Ceux qui ont fait l’expérience de la maladie savent qu’elle ralentit et rétrécit la vie, et qu’elle révèle aussi ce qui est essentiel. Cette épidémie peut être l’occasion de se demander ce qui a du sens dans une vie humaine : est-ce prendre l’avion pour un séjour de quelques jours ou pour une conférence plus ou moins utile à l’autre bout du monde ? Acheter du miel qui vient du Brésil, tolérer que la viande ait traversé huit pays avant d’atterrir dans son assiette et qu’elle ait coûté autant de souffrances aux animaux ? Comment faire mieux avec moins ?
Quel peut être le rôle du philosophe en temps de pandémie ?

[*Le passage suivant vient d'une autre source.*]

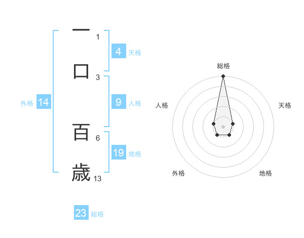 一口 百歳さんの総格は23画の5点!
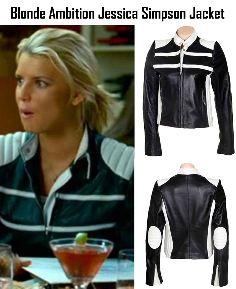 The star of many fields Jessica Simpson has worn Blonde Ambition Jessica Simpson Jacket in the famous movie named as “Blonde Ambition”. The film was liked too much by the strong story and the appearance of sensational personality Jessica Simpson. She is a successful actress, singer, businesswoman and song writer at the same time. If you also want to get achievements like Jessica you must wear Katie Leather Jacket. She portrayed the role of Katie in the movie and gave a new trend to the dress designers. The collar is in stand up style with snap tab. The impressive combination of black and white has formed unforgettable appearance of the attire. The quilted white patches are added at shoulders, elbow, sides, collar and back. Two white stripes are given at front. Two slanted side waist zipper pockets and two inner pockets are present in Jessica Simpson Blonde Ambition Motorcycle Jacket. Front shutting is based on branded YKK zip. The fitting sleeves have open hem cuffs. Top class real leather has made the outer shell.
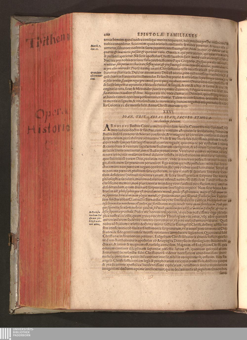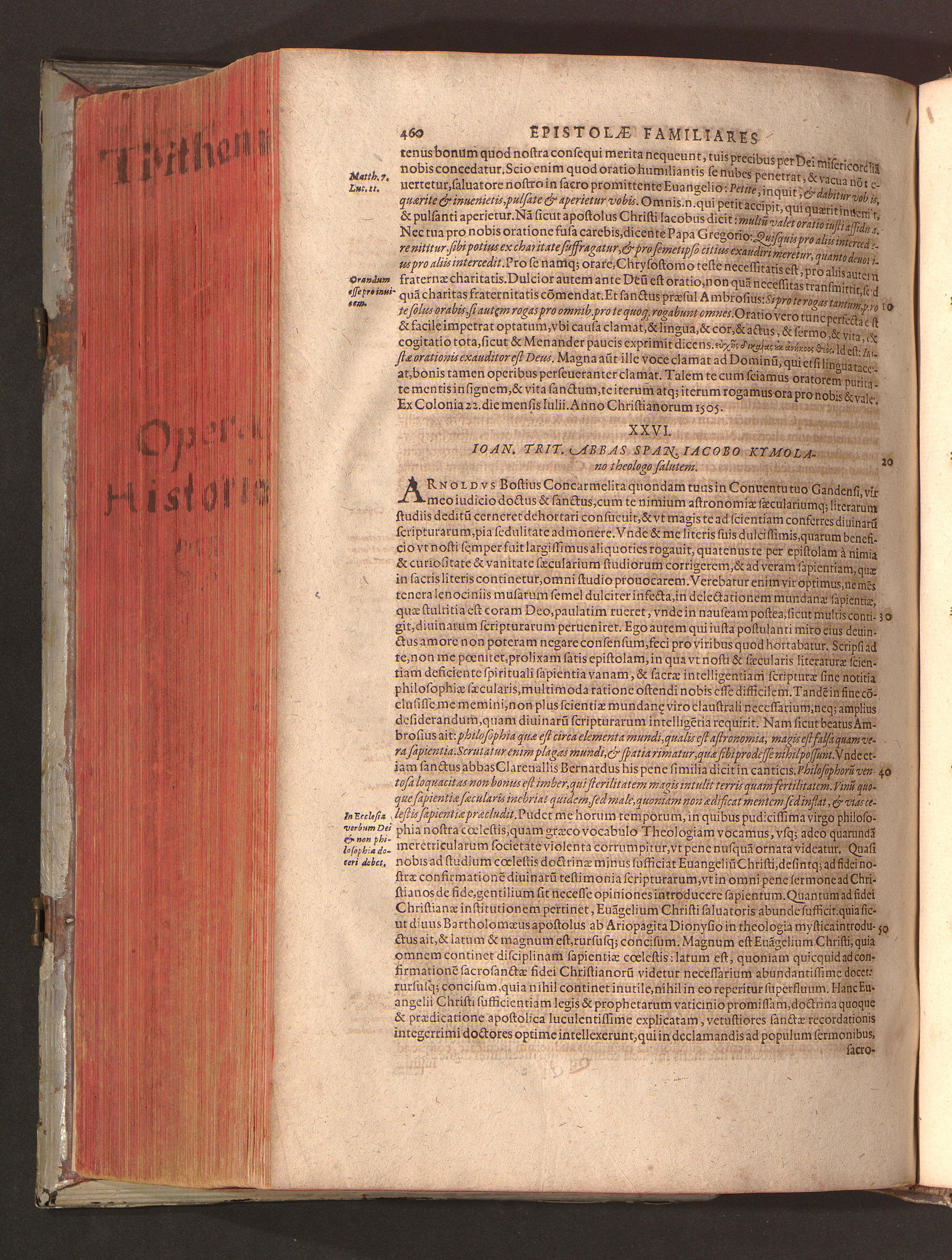 2 (1601) Iohannis Trithemii Spanheimensis Primo, Deinde D. Iacobi Maioris Apvd Herbipolin Abbatis, viri suo æuo doctissimi Secvndæ Partis Chronica Insignia Dvo : I. Coenobii Hirsavgiensis, Diœcesis Spirensis: eius fundationem & progressum ab Anno Christi DCCCXXX. vsque ad Annum MCCCLXX. II. Coenobii Spanheimensis, Diœcesis Moguntinensis: eius fundationem & progressum ab Anno Christi MCXXIIII. vsque ad Annum MDXXVI. vel potius res ab octo illis sæculis in tota Ecclesia & Imperio memorabiliter gestas, complectens; Qvorvm Privs Collatione Archetypi Ipsivs Auctoris manuscripti correctius & plenius; posterius verò istud nunc primùm è tenebris erutum, ob insignem vtilitatem optimâ fide in lucem editur; Accedunt Epistolæ eiusdem Familiares, ab excessu eius de cœnobio Spanheimensi ad Principes clarosque viros scriptæ, historiis eius æui referctæ
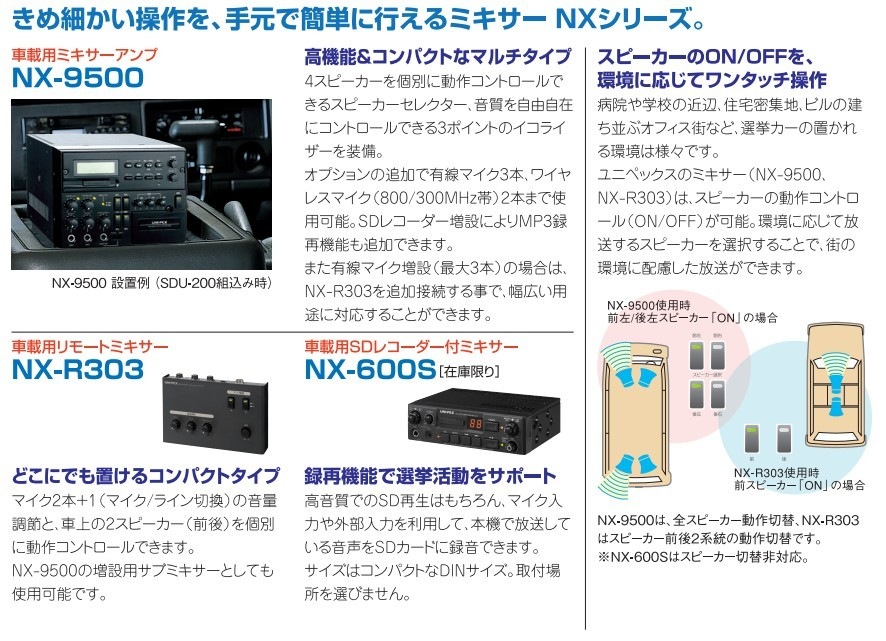 トップ > 拡声器 > 車載用アンプ > ユニペックス UNI-PEX > 【送料無料】拡声器 ユニペックス 車載用ミキサーアンプ NX-9500
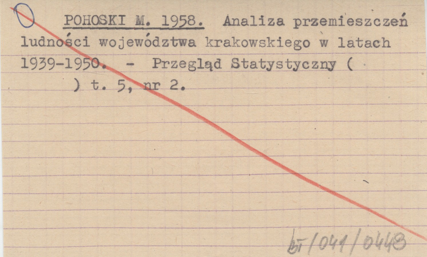POHOSKI M. 1958 Analiza przemieszczeń ludności województwa krakowskiego w latach 1939-1950.
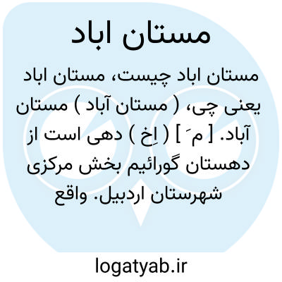 ( مستان آباد ) مستان آباد. [ م َ ] ( اِخ ) دهی است از دهستان گورائیم بخش مرکزی شهرستان اردبیل. واقع در 24هزارگزی جنوب باختری اردبیل و 20هزارگزی راه شوسه اردبیل به تبریز. 580 تن سکنه دارد. آب آن از چشمه و راه آن مالرو است. ( از فرهنگ جغرافیایی ایران ج 4 ).

Le travail du philosophe, c’est d’ouvrir un horizon d’espérance, de donner des outils pour réparer le monde, mais aussi préparer l’avenir, en permettant à chacun de se les approprier et de faire sa part. Nous ne sommes pas condamnés au chaos. On peut initier une transition. Il ne s’agit pas de réparer le monde pour qu’il soit comme avant, mais de proposer des alternatives et d’innover.
L’espérance, dit Bernanos, n’a rien à voir avec l’optimisme, qui n’est souvent qu’un ersatz d’espérance, voire l’expression du déni. L’espérance, dit-il, c’est du désespoir surmonté. Il me semble que, face à une telle catastrophe, nous devons collectivement redessiner des manières d’habiter la Terre qui soient sages, et accueillent la pluralité du monde et des formes de vie. C’est le sens de l’écologie : la sagesse de l’oikos (le « foyer » des Terriens), la sagesse de notre habitation du monde qui est un monde commun.